What the what? My brain is going to explode from all the cognitive dissonance!
Oh, but here comes my natural pessimism. Brooks may have said this, but I doubt any actual elected republican officials feel the same way. Or if they do, it seems unlikely that they will act on it. However, if growing the economy is the goal (an assumption I probably shouldn’t make), the GOP should really get on board the welfare train.
Let’s take food stamps, for instance. Republicans have been working really, really hard to cut Temporary Assistance for Needy Families (TANF). (Because, look, if your body fails for lack of nutrients, it’s just like a business failing for lack of funds. And we let business go under all the time! Oh, wait…) Back when the Great Recession started in 2008, industry research firm Moody’s Economy.com determined that food stamps are one of the most effective forms of economic stimulus, as reported in CNN Money:
In findings echoed by other economists and studies, [economist Mark Zandi] said the study shows the fastest way to infuse money into the economy is through expanding the food-stamp program. For every dollar spent on that program $1.73 is generated throughout the economy, he said.

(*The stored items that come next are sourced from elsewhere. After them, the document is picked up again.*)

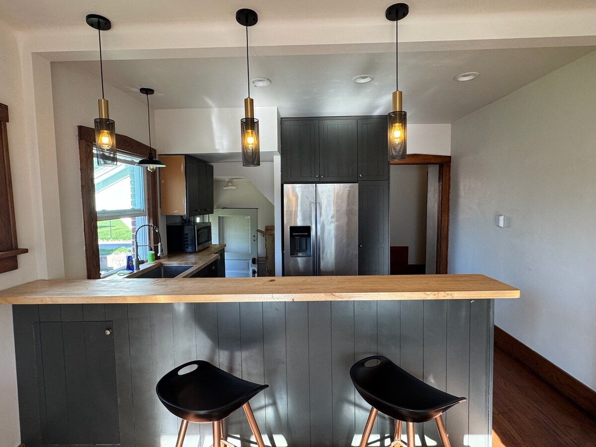 Casa antigua de 1880 completamente renovada en un pequeño pueblo pintoresco en Weston, Iowa. Entorno rural con vistas a campos agrícolas, colinas onduladas, el ambiente de un tren que se mueve lentamente una vez al día o por la noche. Un corto sendero pavimentado para caminar/montar en bicicleta, que pronto se conectará con otro sendero. Hay una carretera del condado enfrente que tendrá tráfico. Puedes despertarte con una hermosa vista y disfrutar de tu café en la terraza o dar un paseo por nuestro terreno trasero y escuchar la naturaleza. Estamos al otro lado del río de Omaha, Nebraska.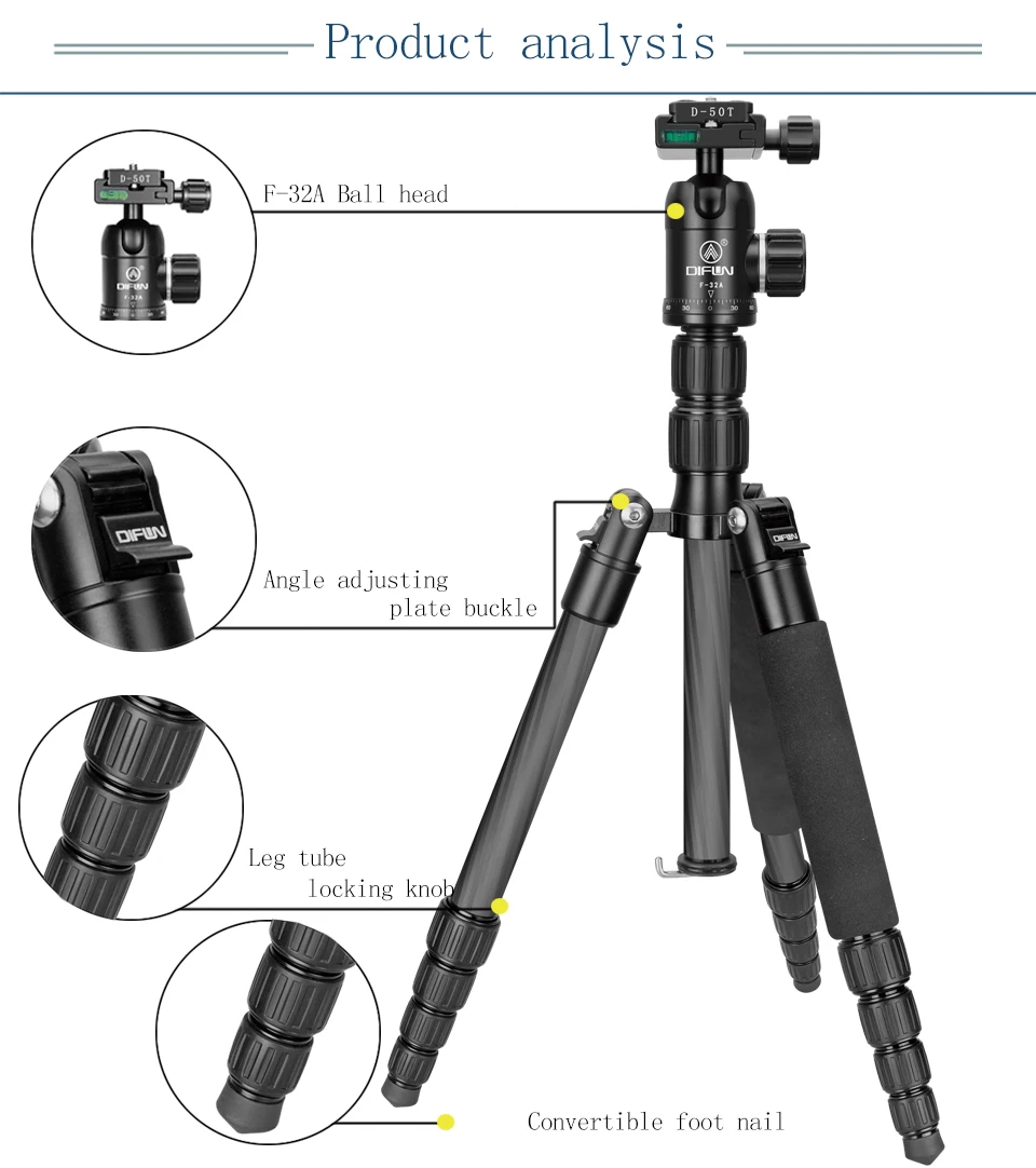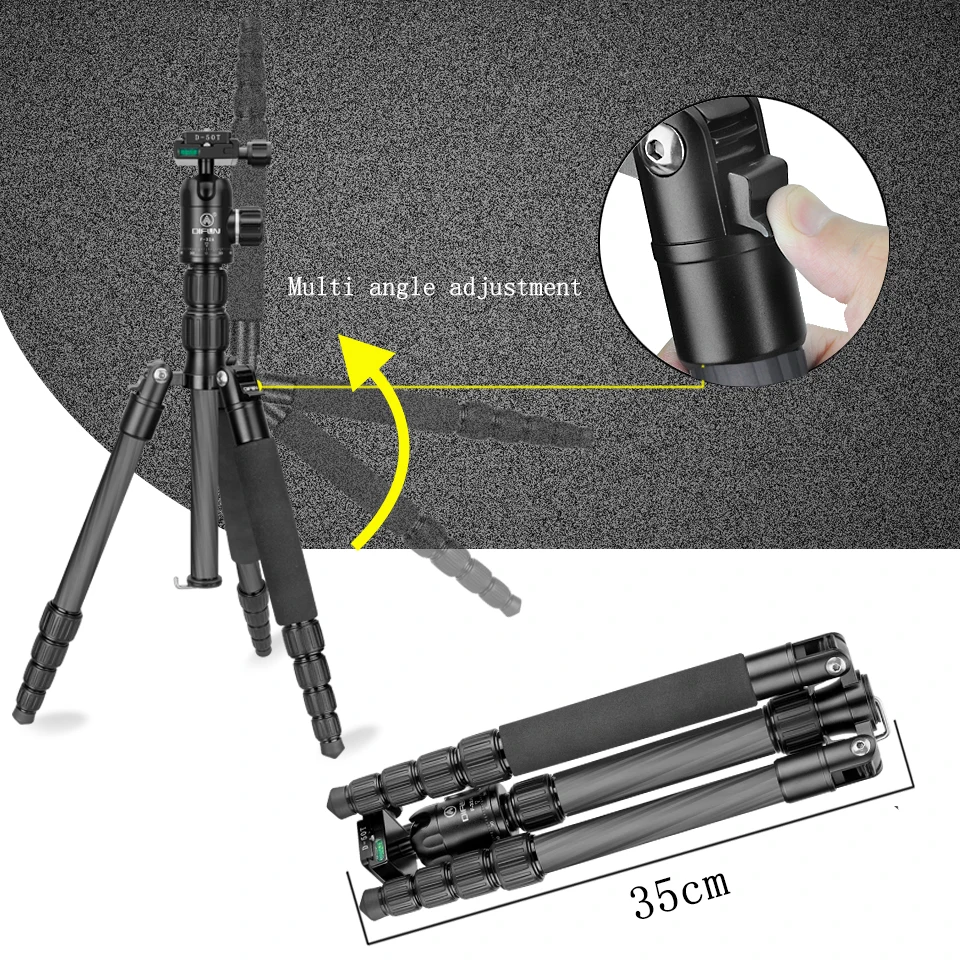 Введение: ★Центральная колонка инвертирована установки Центральная колонна инвертированная установка для осуществления самой низкой съёмки, макросъемки и специальной фотосъемки; ★Отсоединяемый монопод Он может быть превращен в монопод или трость самостоятельно, чтобы сделать вашу фотографию более разнообразной; ★Компактный и гибкий шланг 5 секций ноги могут регулировать высоту от 19,7 "(50 см) до 56,3" (143 см), с панорамной шаровой головкой, может быть перегнут на 180 градусов, складываемая длина всего 35 см, которая является супер портативной с сумкой для переноски штатива; ★Алюминиевая шаровая Головка для панорамной F-32A Литая шаровая Головка из алюминиевого сплава может поворачиваться на 360 градусов, помогая расширить диапазон активности камеры при панорамной съемке. (пузырьковый уровень помогает определить уровень и точный состав); ★Сильная стабильность 0,98 ''(25 мм) труба из алюминиевого сплава большого диаметра, грузоподъемность может достигать 17,6 фунтов (8 кг), обеспечивает безопасность и стабильность для вашей камеры. Технические характеристики: Материал: углеродное волокно Максимальная нагрузка: 8 кг Максимальная высота (угол наклона ноги 24 °) с удлиненной колонной: 1430 мм Количество секций ног: 5 Тип блокировки: фиксирующая ручка Центральная колонка: Да. Крепится к секции ног для преобразования в полноразмерный монопод. Полная головка штатива Тип: шаровая Головка F-32A Пузырьковым уровнем для спускового механизма: Да Пластина быстрого крепления (QR): D-50T Посылка включает в себя: 1 * GT-525C штатив-Трипод 1 * шаровая Головка F-32A 2 * ключ, дюймовый стандарт 3 * Нержавеющая сталь ноги шип 1 * сумка для переноски 1 * Инструкция 1 * сертификат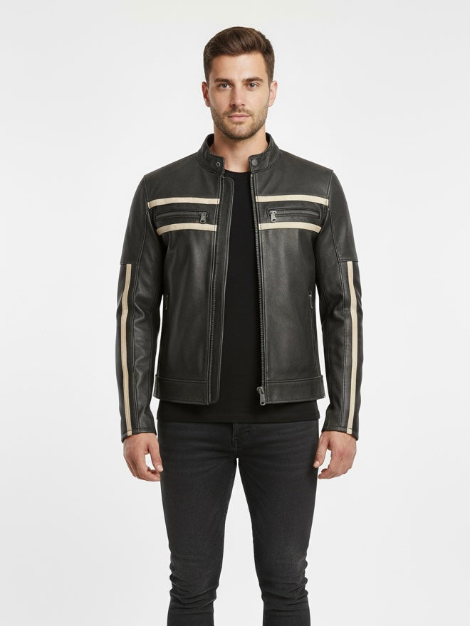 SPAR – Vintage Striped Racer Leather Jacket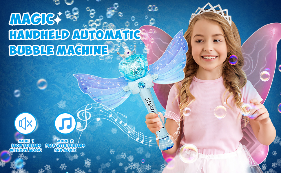 Bubble Machine for Kids,Automatic Electric Frozen Toys Princess Bubble Wand with Cartoon Musical Light-up for Party Outdoor/Indoor,Bubble Wands Xmas Gifts for Kids
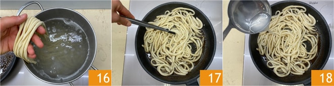 Lanza los pici en el agua hirviendo 16 y escúrrelos directamente en la sartén con la pimienta 17, luego añade un poco más de agua de cocción 18.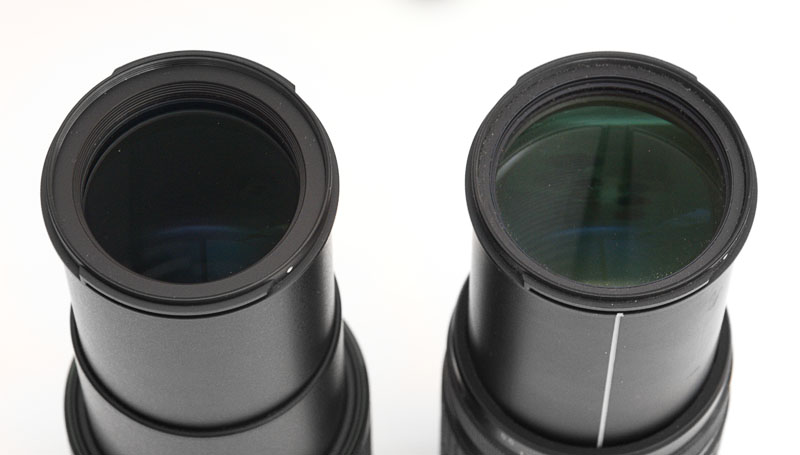 Der Innentubus des HD / PLM Modells ist besser geschwärzt als bei der älteren Version. Auch ist die neue Vergütung wirksamer; das Glas spiegelt weniger. Die folgenden optischen Vergleiche zeigen, dass die Bilder des HD / PLM Modells kontrastreicher sind. Das dürfte diesen Verbesserungen zu verdanken sein.

“If someone who is literally living paycheck to paycheck gets an extra dollar, it’s very likely that they will spend that dollar immediately on whatever they need – groceries, to pay the telephone bill, to pay the electric bill,” he said.
Incidentally, that same study found that tax breaks for businesses only infused 33 cents per dollar into the economy. But whatevs.
Another example: unemployment benefits. Unemployment benefits have a similar economic impact to food stamps. According to a Department of Labor study conducted under the Bush Administration, for every dollar spent on unemployment insurance, two were pumped back into the economy. In addition, unemployment insurance kept over 3 million Americans over the poverty line in 2010. That’s nothing to sneeze at.
Ironically, the American Enterprise Institute seems to be in favor of eliminating funding for these benefits. Hmmmm…
If getting the economy back on track is the goal, which it should be, we should be strengthening the social safety net, not trying to dismantle it. I hope that Brooks’ comments are a sign of a change in tide. I doubt it, but that might just the pessimist in me talking.